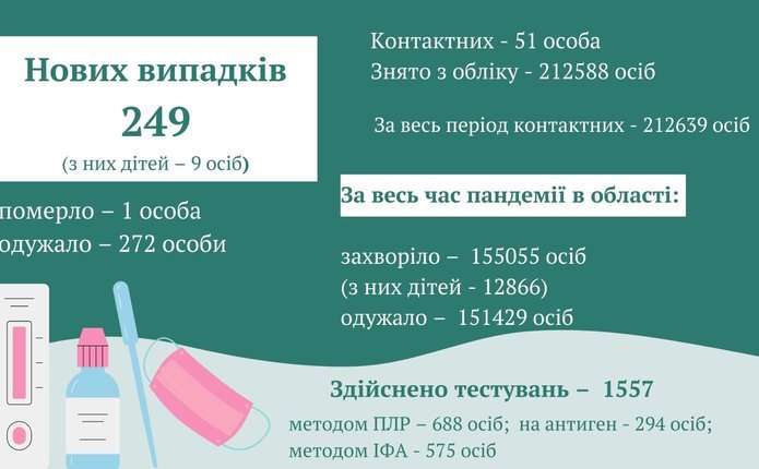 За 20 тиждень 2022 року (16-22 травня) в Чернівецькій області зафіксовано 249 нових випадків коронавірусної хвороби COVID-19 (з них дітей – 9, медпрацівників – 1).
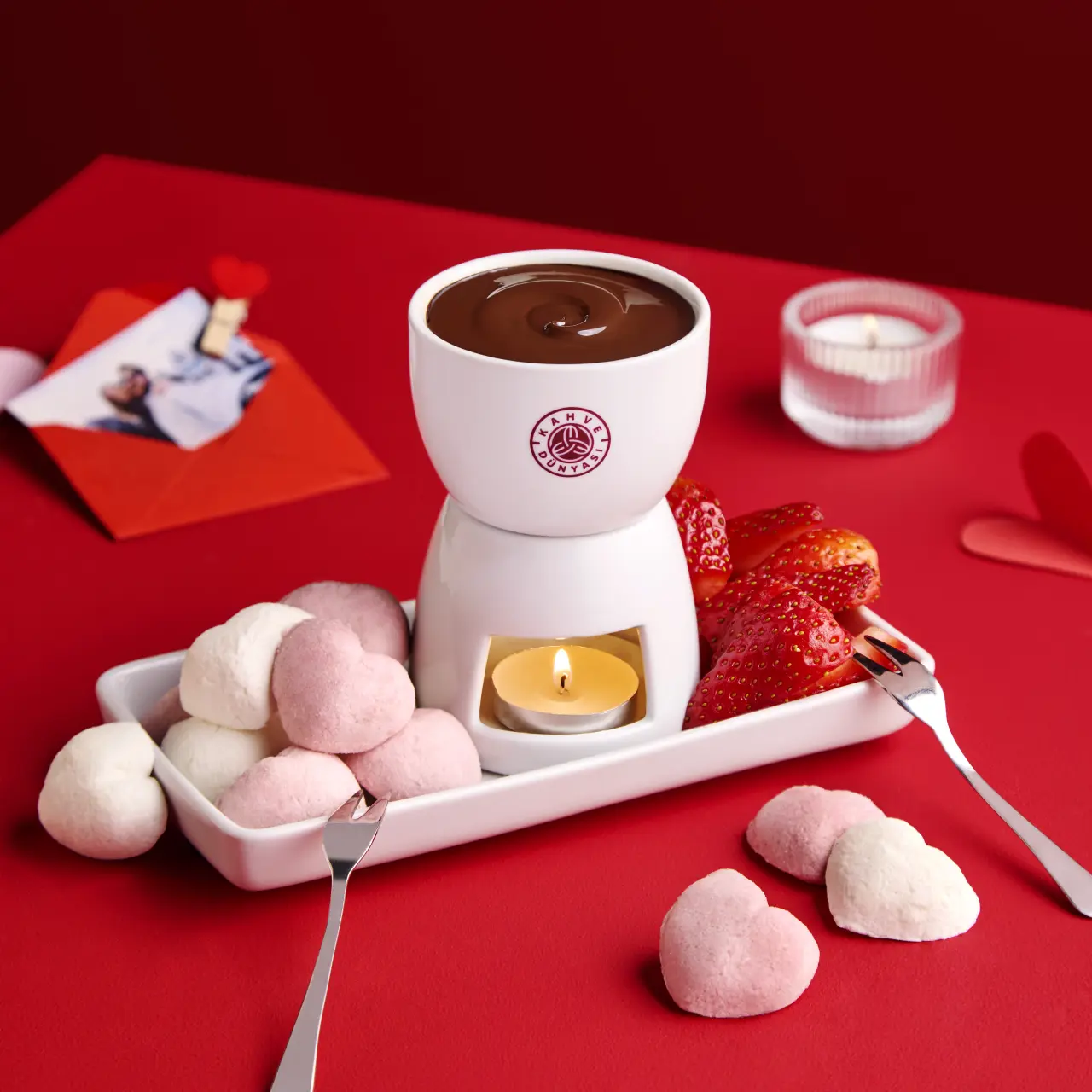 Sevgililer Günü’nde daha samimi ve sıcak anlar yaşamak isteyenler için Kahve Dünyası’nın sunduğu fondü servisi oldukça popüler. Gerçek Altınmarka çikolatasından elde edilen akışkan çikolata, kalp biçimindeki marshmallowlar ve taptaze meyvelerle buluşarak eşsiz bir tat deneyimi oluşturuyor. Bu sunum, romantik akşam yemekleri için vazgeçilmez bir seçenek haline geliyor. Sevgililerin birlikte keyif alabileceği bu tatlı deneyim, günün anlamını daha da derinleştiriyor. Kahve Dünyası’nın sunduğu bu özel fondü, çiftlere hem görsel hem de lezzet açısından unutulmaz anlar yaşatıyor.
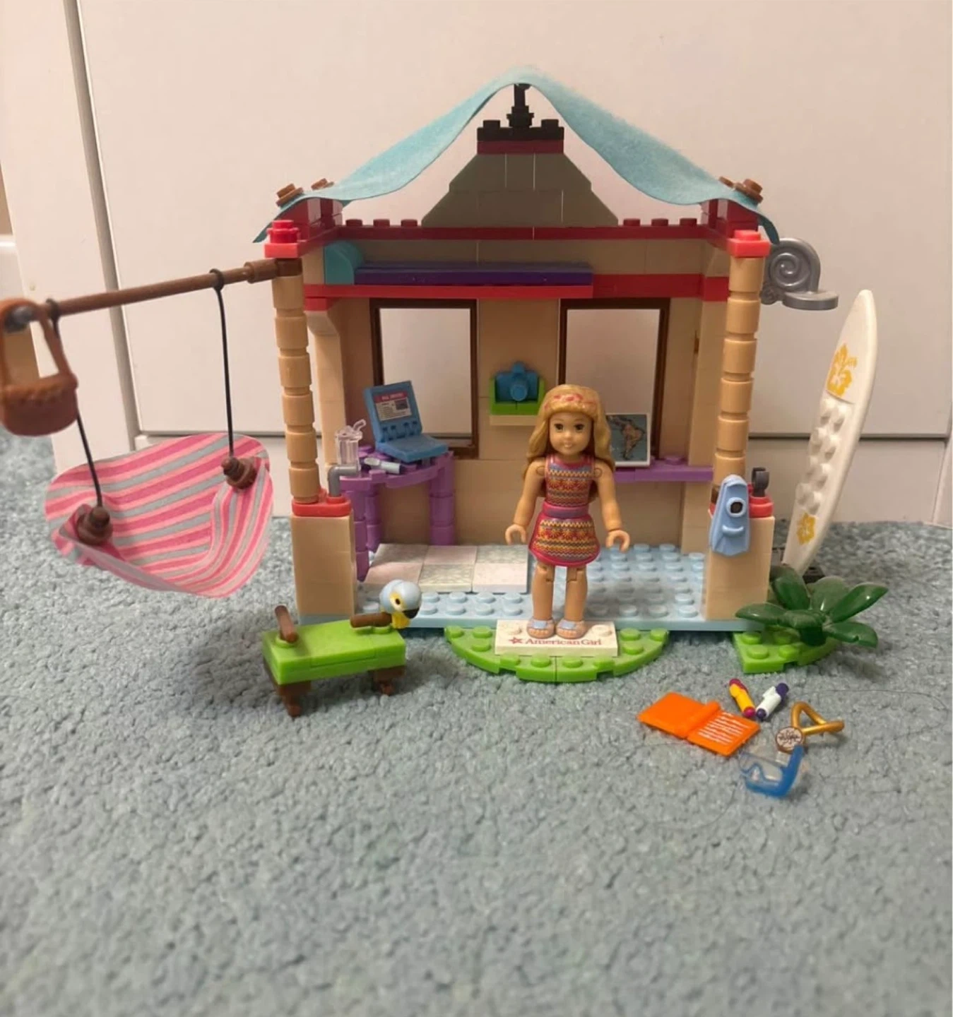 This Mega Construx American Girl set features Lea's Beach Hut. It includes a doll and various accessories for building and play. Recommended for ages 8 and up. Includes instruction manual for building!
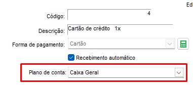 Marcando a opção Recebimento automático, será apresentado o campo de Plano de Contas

## EXERCISE INSTRUCTIONS
Please produce an exact copy of all the material, leaving out the pictures.

## OUTPUT FOR THIS TASK
 За 20 тиждень 2022 року (16-22 травня) в Чернівецькій області зафіксовано 249 нових випадків коронавірусної хвороби COVID-19 (з них дітей – 9, медпрацівників – 1).
 Sevgililer Günü’nde daha samimi ve sıcak anlar yaşamak isteyenler için Kahve Dünyası’nın sunduğu fondü servisi oldukça popüler. Gerçek Altınmarka çikolatasından elde edilen akışkan çikolata, kalp biçimindeki marshmallowlar ve taptaze meyvelerle buluşarak eşsiz bir tat deneyimi oluşturuyor. Bu sunum, romantik akşam yemekleri için vazgeçilmez bir seçenek haline geliyor. Sevgililerin birlikte keyif alabileceği bu tatlı deneyim, günün anlamını daha da derinleştiriyor. Kahve Dünyası’nın sunduğu bu özel fondü, çiftlere hem görsel hem de lezzet açısından unutulmaz anlar yaşatıyor.
 This Mega Construx American Girl set features Lea's Beach Hut. It includes a doll and various accessories for building and play. Recommended for ages 8 and up. Includes instruction manual for building!
 Marcando a opção Recebimento automático, será apresentado o campo de Plano de Contas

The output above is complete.